The first stage is the stripping away, purgation. The second stage is illumination, learning what one must come to understand. And the third stage is union with the divine. Dante’s The Divine Comedy is built on these three stages. Inferno is purgation, and so is the first half of Purgatorio. But then Dante begins to be illumined about what he must lay aside to move toward union in Paradiso. I like Purgatorio best, because purgatory is the only place with movement. Everybody in Inferno stays in Hell. Everybody in Paradisio stays in Heaven. Only in purgatory does anyone make progress. I almost wish Dante had stopped at the end of Purgatorio, at the moment when he finally understands something about the limitations of all life, including the limitations of love itself. Having understood that, Paradiso can only be a disappointment. That’s the “desolation of success” Matthiessen was talking about. It’s the reason my poetry stays in the realm of negation. Union with the Holy (what the Reformers call “glorification”) is unavailable to me in this life.

Your constant caution against closure connects to “Not the Point,” about your visit to the little star in that grotto in Bethlehem …

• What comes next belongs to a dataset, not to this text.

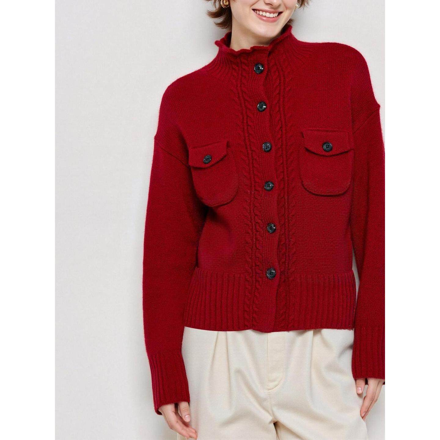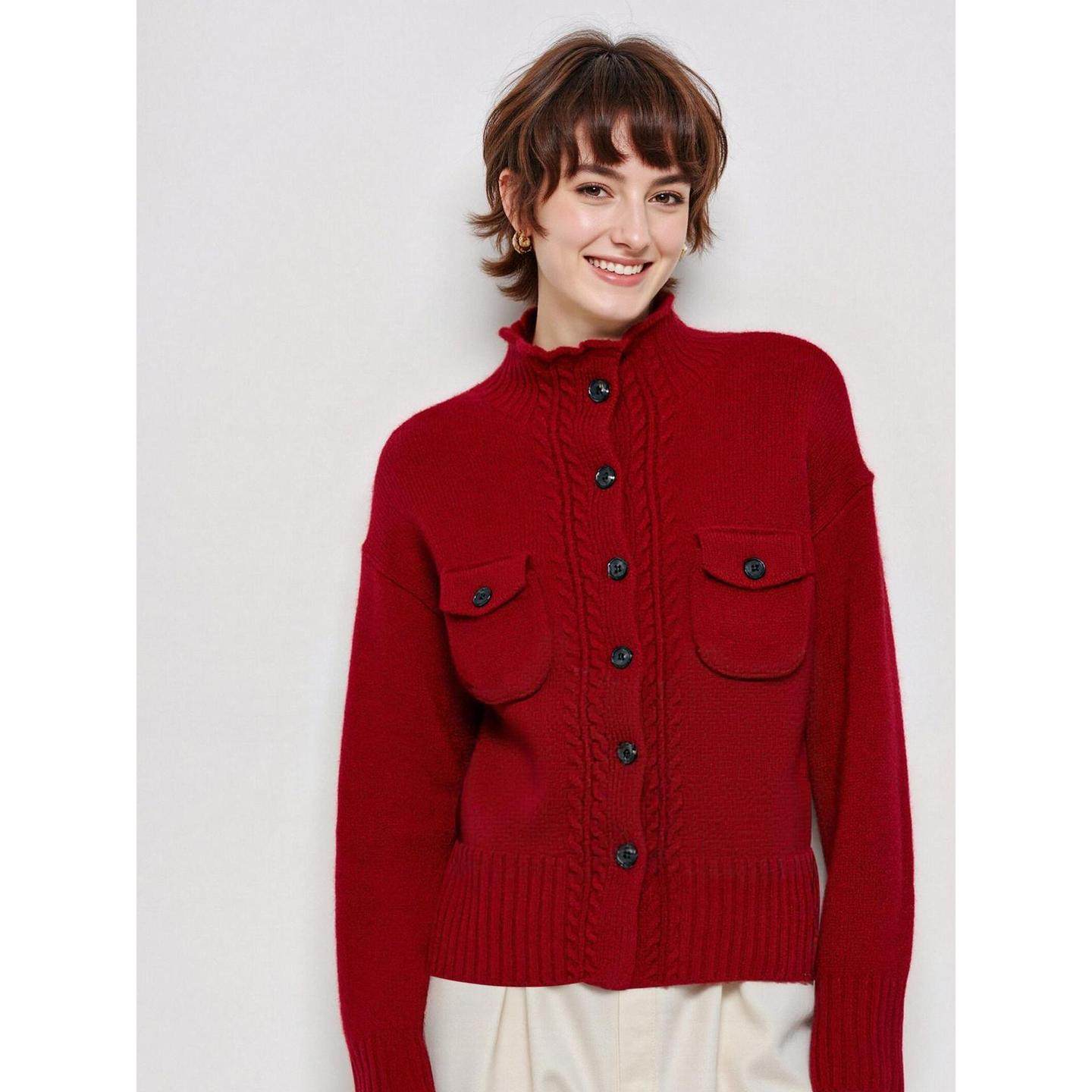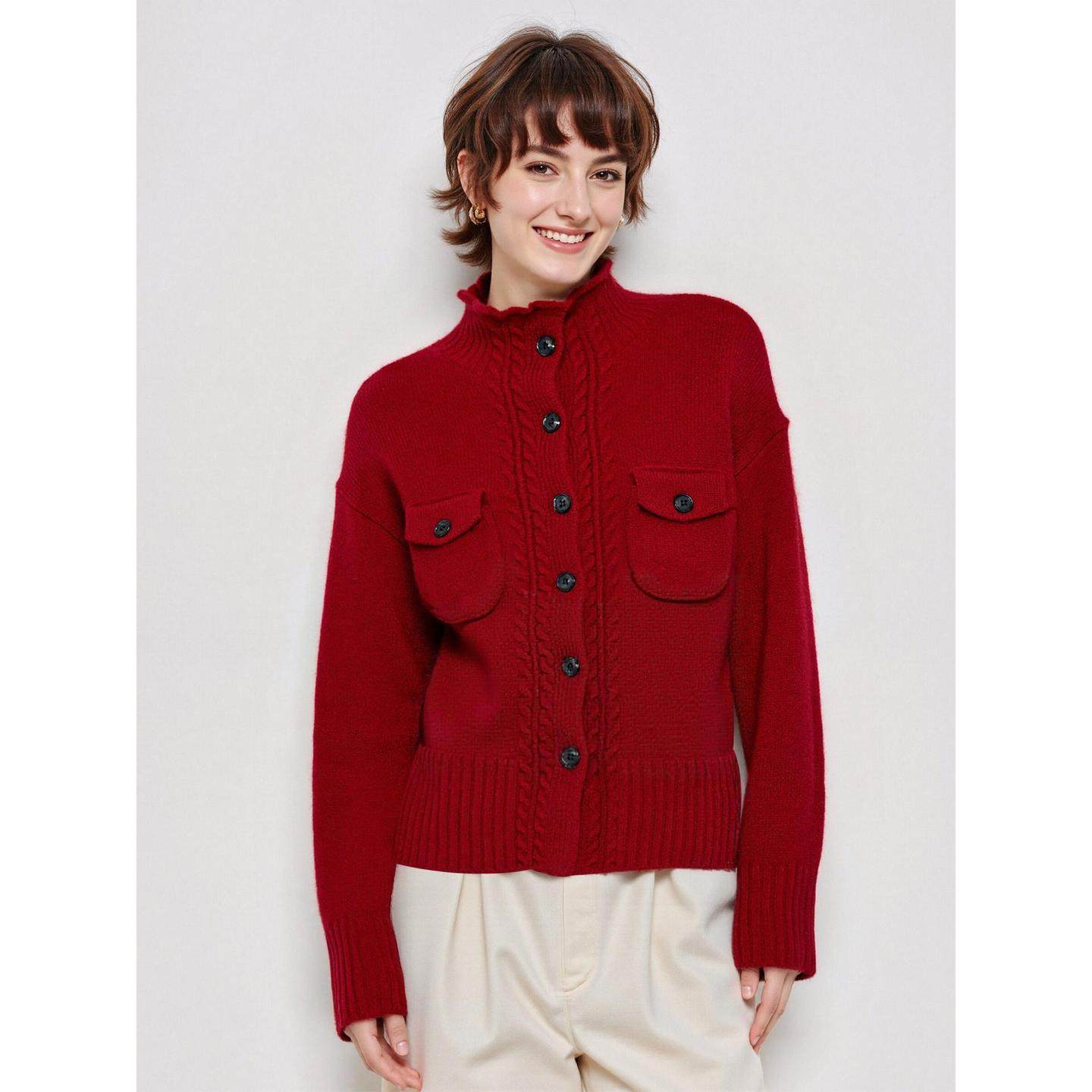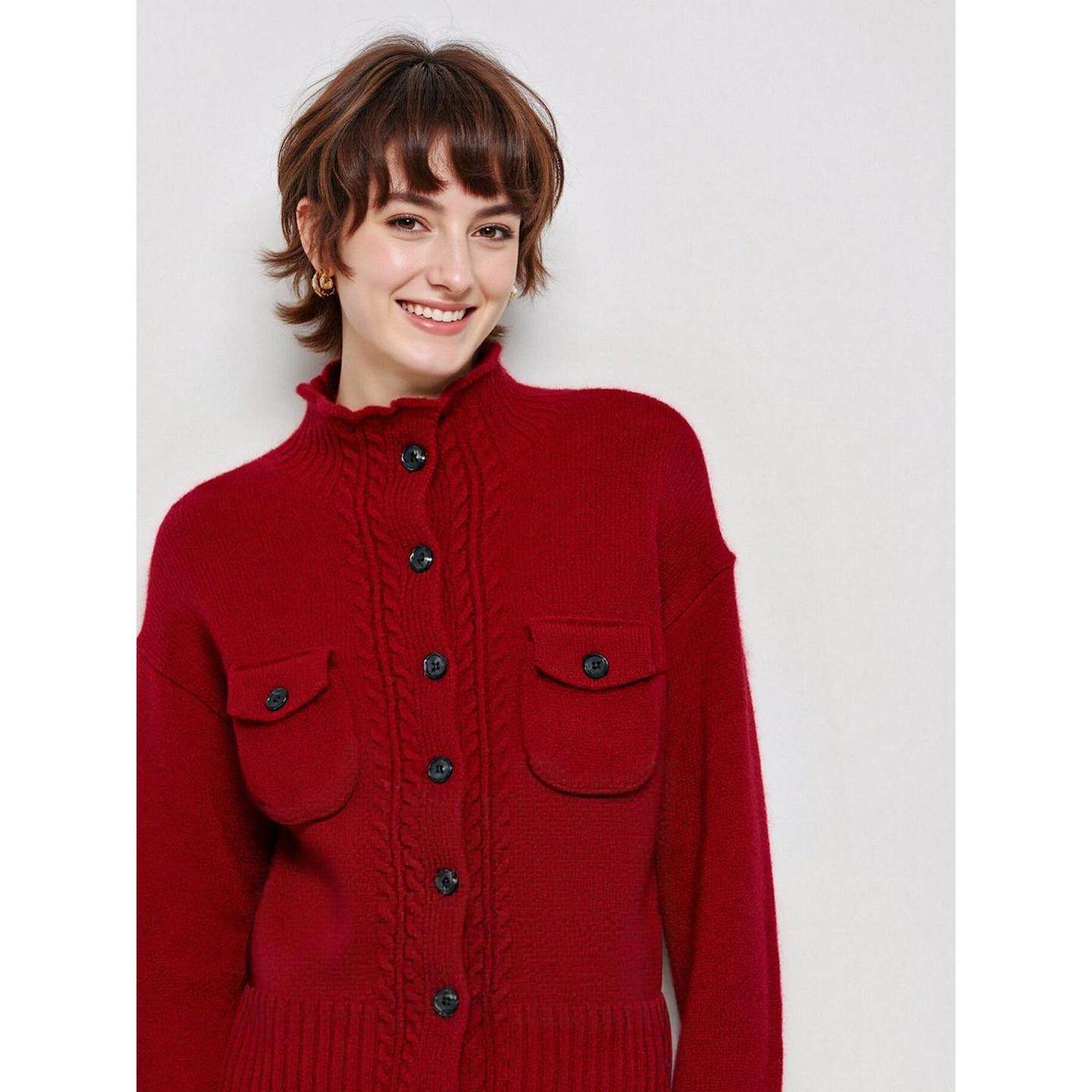 Basic House/百家好100%羊毛新年红立领针织开衫女冬加厚毛衣外套

I suppose this poem is about symbols. After waiting two hours in the Church of the Nativity, I had only a brief moment at the place I had traveled so far to see. When I at last reached the grotto, I was, to put it mildly, disappointed. Perhaps in an effort to secure something from the experience, I bought my wife, Pat, a necklace from a nearby souvenir shop. And now, every time I see it on her dresser or when she wears it, that necklace stands for me as sort of icon, through which I see the grotto and the church and ultimately the Incarnation, which the necklace and grotto and church all symbolize. Symbols have strange powers.

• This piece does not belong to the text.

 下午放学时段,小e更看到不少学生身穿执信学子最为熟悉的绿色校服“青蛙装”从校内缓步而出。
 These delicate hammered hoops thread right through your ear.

Your next poem is “Hagar’s Prayer” …

I wrote this poem to feel what it’s like to watch your child die. It was an assigned piece for an Advent booklet, and that fact led me to connect Hagar to Mary. It’s not an obvious connection, I suppose, but now thinking about Hagar beside the bush in the wilderness always makes me think of Mary at the foot of the cross.

You say in your comment on this poem that “the Holy is death, but also life …”

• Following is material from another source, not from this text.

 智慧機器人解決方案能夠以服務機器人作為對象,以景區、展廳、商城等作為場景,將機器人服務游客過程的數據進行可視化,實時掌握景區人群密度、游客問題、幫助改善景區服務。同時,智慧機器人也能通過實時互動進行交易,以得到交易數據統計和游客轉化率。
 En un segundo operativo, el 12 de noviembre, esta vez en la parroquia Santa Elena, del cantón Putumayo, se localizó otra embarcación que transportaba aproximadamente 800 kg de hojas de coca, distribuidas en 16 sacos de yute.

The mystics, especially Jewish mysticism, understand that ultimately, all things are one thing, and that there is no distinction or separation within ’Ein Sof, the Infinite. Increasingly I think things we experience as opposites are ultimately one. What if at the liminal edge of our existence, light and dark, good and evil, life and death are one thing, not separate realities? I wonder whether, within the Holy, life and death are in truth one, and if the progression of time is ultimately one eternal moment. It’s that wonderment I am pointing to in this sentence.

Your final poem is “The Magi Recall the Star”

I owe inspiration here to T.S. Eliot’s classic, “The Journey of the Magi,” which I read every Epiphany. In Eliot’s poem, the magus who speaks is present at the birth of the child; he says, “this birth/ Was hard and bitter agony, like Death.” He returns to his palace, but he’s no longer at ease, and he concludes by saying, “I should be glad of another death.” That line intrigues me. What about the Holy incarnate in this child alters one’s interior landscape to such an extent that the life of honor and power is drained of meaning, leaving one wishing for “another death.” What is this death and this birth? And if I stand in the place of the poet, how is my life altered by the sight of the light in the dark eyes of the child?

Near the end you mention Gerard Manley Hopkins …

Hopkins’s wonderful poem “God’s Grandeur” ends with the awareness that the Holy Ghost broods over this whole bent world with “bright wings.” Hopkins was a Jesuit priest who taught and preached to people caught in horrendous industrial poverty, a poverty which eventually caused his own death from typhoid fever. And yet he could say in his poem “As Kingfishers Catch Fire” that “Christ plays in ten thousand places/Lovely in limbs and lovely in eyes not his.” I wanted to situate this essay in the context of Matthiessen’s gritty realism—in the arthritic limbs of that monk, cold scientific rationalism and grinding poverty—and at the same time, with Hopkins, to see those bright wings, to remain constantly aware of the possibility that the Holy just might peek out at us through “eyes not his.”